Its guys like this that I find very interesting also.
It takes a certain type of fighter to say to himself "I.ll fight anyone anywhere , anytime.'
Its as if there is no fear of failure.
Hard to think this way in a very ego driven sport where winning is everything to most.


Hey Pugster,I've come to the conclusion this that Hemingway writer had it right. There's more valor in how much you can take. So who wins between Vasquez and Marquez? The referee raises Vasquez's hand,but that was only a technicality. Two fighters letting it hang out,and when it's over,they both win. I know one of them is sore with the decision,but they both win. Ali,Sugar Ray.They looked unbeatable at one time. When they lost that step,well,that's when the fans embraced them even more. Robinson getting smashed on the ropes by Fullmer. Ali almost dying in the ring against Holmes.

It was no secret. Carmen Basilio didn't care for Sugar Ray Robinson. But when he described his first fight with Robinson he said,"You can say what you want about the guy, this guy had guts. They say I hit him with more than 30 straight punches in the tenth round,and he's still standing there.
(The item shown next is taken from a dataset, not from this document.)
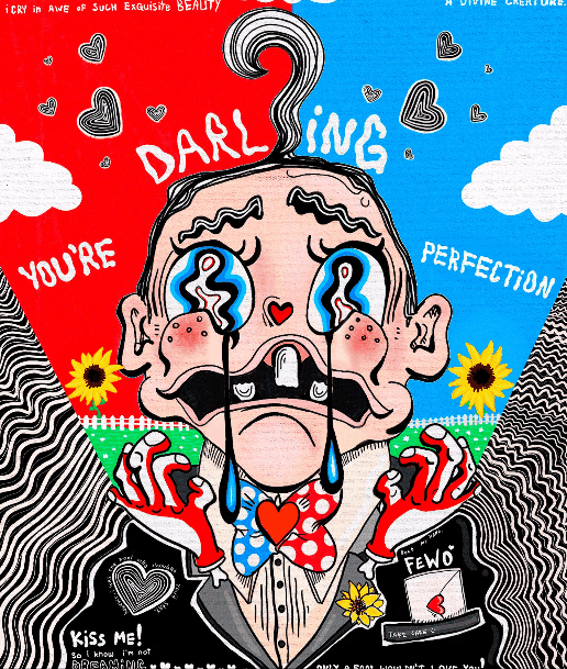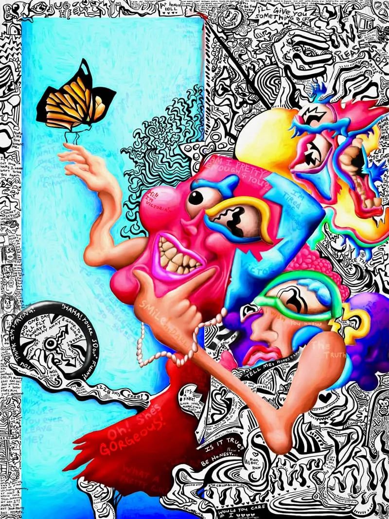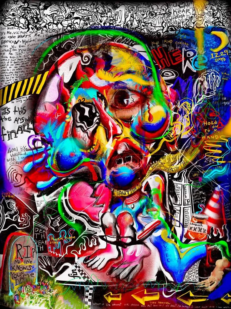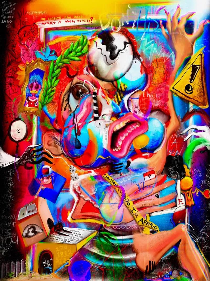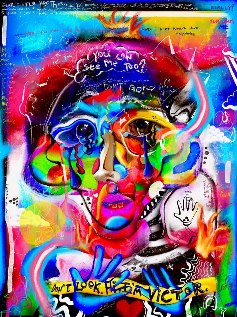 这个名声大噪的系列作品就是《你好,我是维克多(FEWOCiOUS),这就是我的生活》,其中的五幅作品记录了维克托在童年时期和性别转变时期的故事。这即是一个出柜的故事,也是一个“加冕典礼”——对于一个在地狱般的成长环境,并且奋战到今天的年轻艺术家来说,这是一项至高无上的成就!
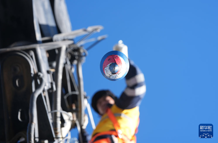 信号工孙伟在哈尔盖信号车间哈尔盖信号工区青海湖站测量信号机的限界。

And then in the 11th round he comes out and kicks my ass."

Basilio couldn't have hated him that much.


Yes , I think much of it is about earning the other mans respect.
I cant articulate as well as you do my friend.
But I think there is such a thing as a fighters fighter.
Guys who are so admired by other fighters that even though they dont wanna come right out and heap praise, deep down they really respect the other guy cuz hes earned it.
We have been talking in this thread about many of those type of guys I think.